Russian Federation

At a glance

  • Same-sex relations: legal
  • Legal gender recognition: possible
  • Registration of LGBTIQ organizations: not possible
  • Actions related to SOGI at UN: opposed IE SOGI in 2016 and 2019



LGBTIQ people in Russia face numerous obstacles, ranging from pervasively negative societal attitudes, to restrictive legislation. In 2013, the notorious federal level law prohibiting the “propaganda of non-traditional sexual relations to minors” was passed. The law bans any communication about the existence of LGBTIQ people, or LGBTIQ issues to children, be that in the media, or online. In effect, it has been used to ban any manifestations by LGBTIQ organizations, shut down LGBTIQ websites, and even target authors of posts on social media. Same-sex couples are prohibited by law to adopt children, and adoption of Russian orphans is banned to countries which allow same-sex marriage. All of these laws have sent a strong and unambiguous signal – that LGBTIQ people are a threat to children.

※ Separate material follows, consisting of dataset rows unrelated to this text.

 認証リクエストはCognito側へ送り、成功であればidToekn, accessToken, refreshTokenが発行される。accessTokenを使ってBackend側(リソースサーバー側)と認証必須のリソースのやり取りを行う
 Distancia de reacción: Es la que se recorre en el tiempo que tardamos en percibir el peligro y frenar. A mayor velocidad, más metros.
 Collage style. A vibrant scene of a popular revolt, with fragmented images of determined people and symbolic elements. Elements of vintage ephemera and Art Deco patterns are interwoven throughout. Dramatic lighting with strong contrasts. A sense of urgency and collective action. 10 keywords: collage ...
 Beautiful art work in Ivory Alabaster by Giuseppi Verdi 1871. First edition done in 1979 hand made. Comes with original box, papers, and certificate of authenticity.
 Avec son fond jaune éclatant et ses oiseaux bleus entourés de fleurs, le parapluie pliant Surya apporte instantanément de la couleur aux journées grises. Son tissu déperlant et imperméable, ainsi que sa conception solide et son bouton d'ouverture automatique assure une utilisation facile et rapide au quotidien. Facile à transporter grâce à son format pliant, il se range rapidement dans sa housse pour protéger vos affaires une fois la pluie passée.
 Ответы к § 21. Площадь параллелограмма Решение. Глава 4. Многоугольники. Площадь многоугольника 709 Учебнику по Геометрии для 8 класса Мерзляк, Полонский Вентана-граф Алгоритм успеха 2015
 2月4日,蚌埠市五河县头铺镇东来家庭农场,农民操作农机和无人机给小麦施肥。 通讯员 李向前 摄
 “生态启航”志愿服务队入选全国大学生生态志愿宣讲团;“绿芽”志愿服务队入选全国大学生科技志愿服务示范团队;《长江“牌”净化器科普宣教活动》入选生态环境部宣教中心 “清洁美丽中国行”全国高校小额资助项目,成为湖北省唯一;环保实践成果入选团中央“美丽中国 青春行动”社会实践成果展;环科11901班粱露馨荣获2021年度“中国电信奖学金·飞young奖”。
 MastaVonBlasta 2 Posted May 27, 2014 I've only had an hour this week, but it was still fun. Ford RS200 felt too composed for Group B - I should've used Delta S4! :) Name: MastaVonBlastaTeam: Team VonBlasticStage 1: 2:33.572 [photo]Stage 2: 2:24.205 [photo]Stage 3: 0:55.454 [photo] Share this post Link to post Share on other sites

In 2012 the so-called “foreign agents law” was passed, imposing severe restrictions on any civil society organization receiving foreign funding, disproportionately affecting LGBTIQ organizations.

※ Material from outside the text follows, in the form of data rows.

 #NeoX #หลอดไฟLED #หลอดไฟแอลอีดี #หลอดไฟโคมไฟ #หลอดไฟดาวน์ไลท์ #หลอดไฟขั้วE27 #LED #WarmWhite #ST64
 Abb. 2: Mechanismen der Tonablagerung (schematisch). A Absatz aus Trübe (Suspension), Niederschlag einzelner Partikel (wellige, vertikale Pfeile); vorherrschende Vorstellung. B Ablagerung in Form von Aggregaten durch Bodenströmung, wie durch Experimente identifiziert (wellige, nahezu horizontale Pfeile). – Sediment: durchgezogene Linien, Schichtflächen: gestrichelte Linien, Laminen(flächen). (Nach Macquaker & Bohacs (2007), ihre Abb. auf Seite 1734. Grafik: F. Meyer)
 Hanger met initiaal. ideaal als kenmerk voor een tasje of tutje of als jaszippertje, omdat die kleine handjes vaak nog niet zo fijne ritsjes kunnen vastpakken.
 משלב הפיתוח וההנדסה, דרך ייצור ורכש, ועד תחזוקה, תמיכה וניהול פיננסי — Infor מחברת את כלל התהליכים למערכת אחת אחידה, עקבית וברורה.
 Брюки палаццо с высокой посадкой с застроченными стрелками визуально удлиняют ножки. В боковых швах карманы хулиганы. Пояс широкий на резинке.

Core to the modern Russian identity are so-called traditional values. LGBTIQ people have come to embody everything that contradicts them. Societal attitudes are pervasively negative, and filled with misinformation, further perpetrated by rhetoric from the state and a staunchly traditional, and prominent Orthodox Church. LGBTIQ people face widespread violence from private individuals, state actors, and vigilante groups.